Maybe I’m not the right person to judge. Video games are a hobby for those with disposable incomes. But I have to wonder at the priorities and values being instilled, if having a different and unique color on a Nintendo DS is that important, if one four-hundred dollar item will make or break a child’s Christmas. There are other things in life.

Published by Allyn

A writer, editor, journalist, sometimes coder, occasional historian, and all-around scholar, Allyn Gibson is the writer for Diamond Comic Distributors' monthly PREVIEWS catalog, used by comic book shops and throughout the comics industry, and the editor for its monthly order forms. In his over ten years in the industry, Allyn has interviewed comics creators and pop culture celebrities, covered conventions, analyzed industry revenue trends, and written copy for comics, toys, and other pop culture merchandise. Allyn is also known for his short fiction (including the Star Trek story "Make-Believe,"the Doctor Who short story "The Spindle of Necessity," and the ReDeus story "The Ginger Kid").

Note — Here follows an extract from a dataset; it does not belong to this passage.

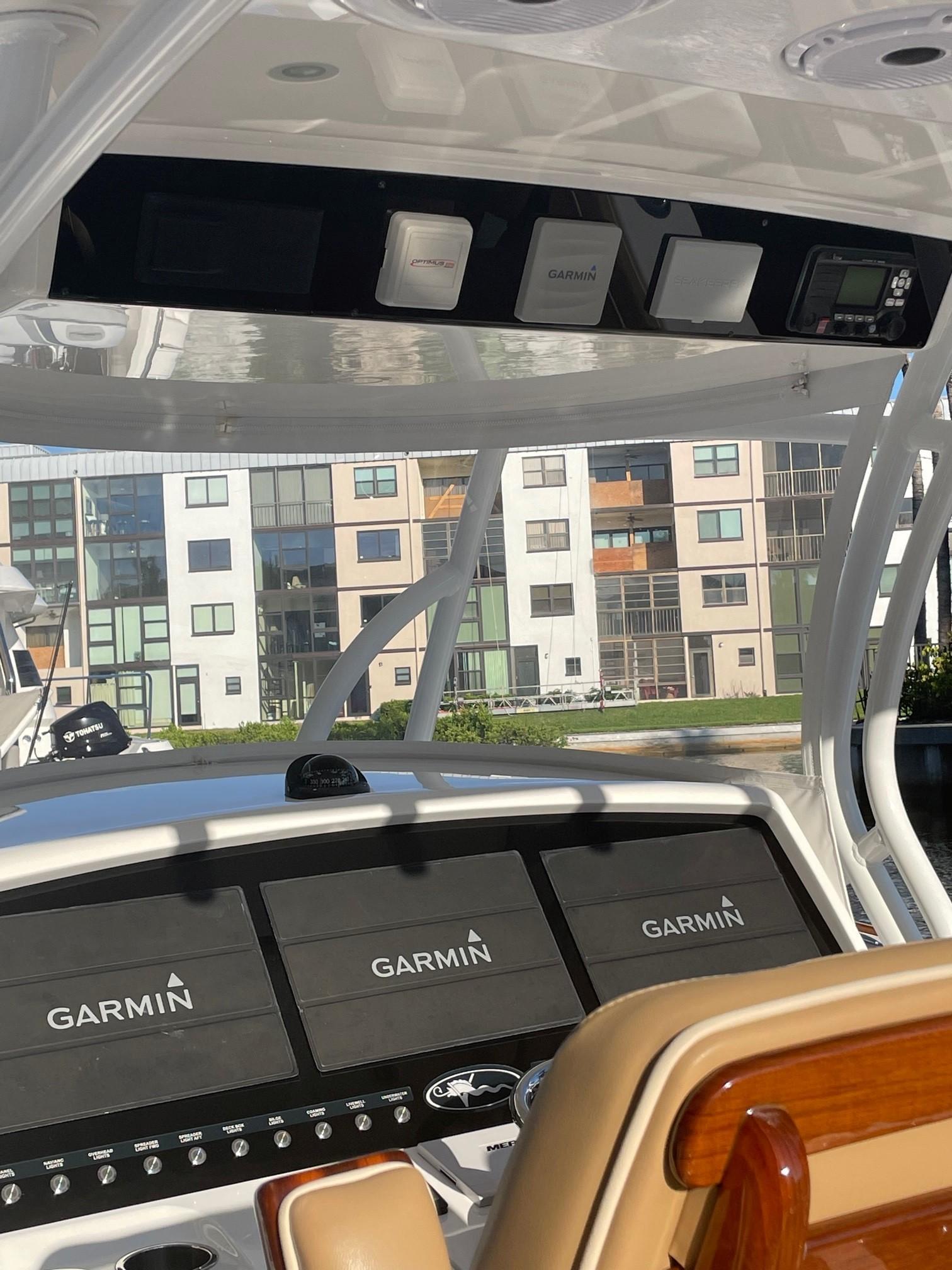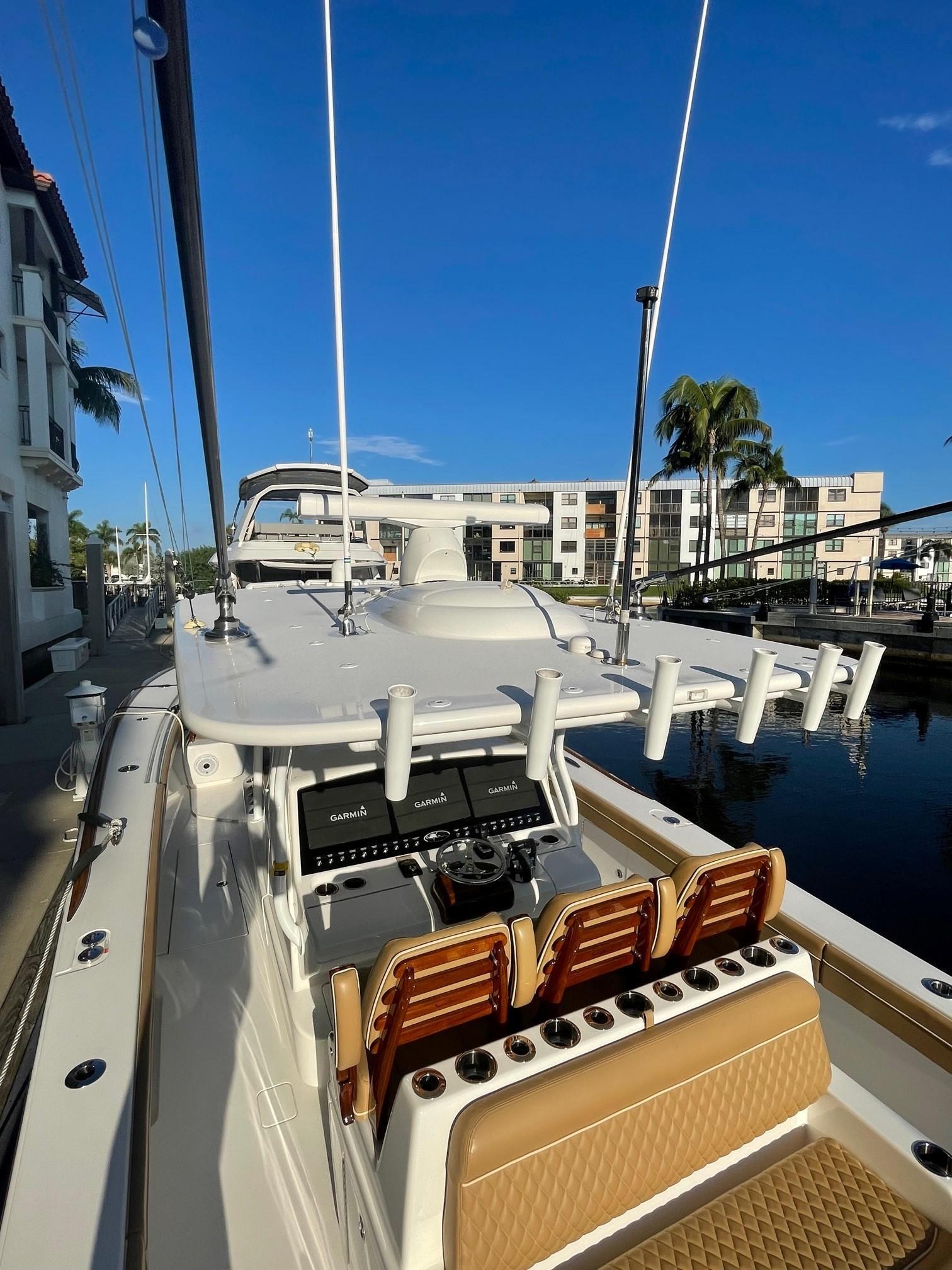 - Marine cover package included forward bench seating, console, lounge, helm seating, and full boat cover

Allyn has been blogging regularly with WordPress since 2004.

4 thoughts on “On Customers and Entitlement

  1. My favorite is the guy trying to wheedle the poor kid at EB Games for an Xbox. The kid made the mistake of saying he got thirteen systems in and when he went to check, the man’s name was fourteenth on the list. What followed was all sorts of cajoling from bribes to “Who’s gonna know if you give it to me?” to “It’s Christmas, give me a break.”

  2. First off, why do I have the feeling that “Dad” drove to the store in a huge, honkin’ truck or SUV?

    Second, the sense of entitlement probably stems from the inability of parents to instill any actual values in their children due to never being around. That XBox 360 is likely intended to be a surrogate since “Mom” and “Dad” are probably too busy being pretentious gits.

  3. Liberal return policy–they broke it, yet want to return it? Not even a lie like “we took it out of the box and it was broken!” feh

  4. Todd, he had no reason to lie–the replacement guarantee (or warranty, if you will) that he’d bought for the system covers things like dropping the system and breaking it. Hell, a store several years ago took back a PlayStation that a man’s girlfriend had shot with a gun because she felt he spent more time with it than with her–he had the warranty, they did the replacement.

    I don’t know if the man drove to the other store. If he did, it was probably a wasted trip, because I can’t imagine how a store could have two of those Mario Kart DS systems that late after Christmas, not with the kind of demand we had for them. At a guess, the two systems my computer showed were more than likely defective systems that hadn’t been shipped back to the warehouse.